> Exercise goal
Word for word, restate the lines from the one holding "Jutoh 是用 C++ 编写的,因此运行速度极快 - 没有令人沮丧的延迟。" through the last line of the material below, and leave every picture out.

> Provided data
════════════════

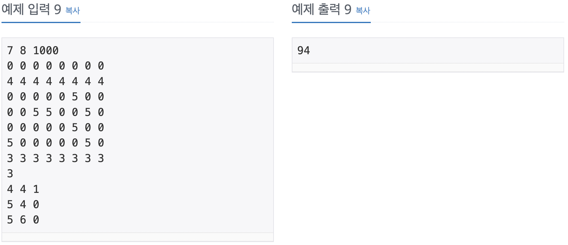 첫째 줄에 세 정수 R, C, K가 주어진다. 둘째 줄부터 R개의 줄에 방의 정보가 주어진다. i번째 줄의 j번째 정수는 (i, j)의 정보를 의미하며 다음 중 하나이다.
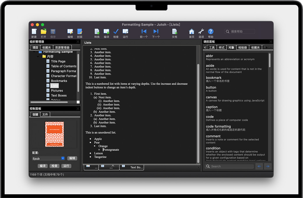 Jutoh 是用 C++ 编写的,因此运行速度极快 - 没有令人沮丧的延迟。
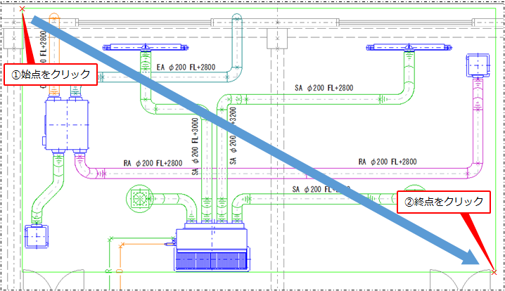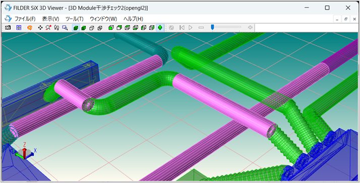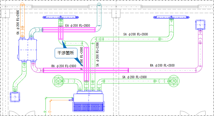 図面上に、配管、ダクト、躯体(柱・壁・梁)の部品の重なり(干渉)が発生しているかをチェックします。

════════════════

> Answer section
 Jutoh 是用 C++ 编写的,因此运行速度极快 - 没有令人沮丧的延迟。
 図面上に、配管、ダクト、躯体(柱・壁・梁)の部品の重なり(干渉)が発生しているかをチェックします。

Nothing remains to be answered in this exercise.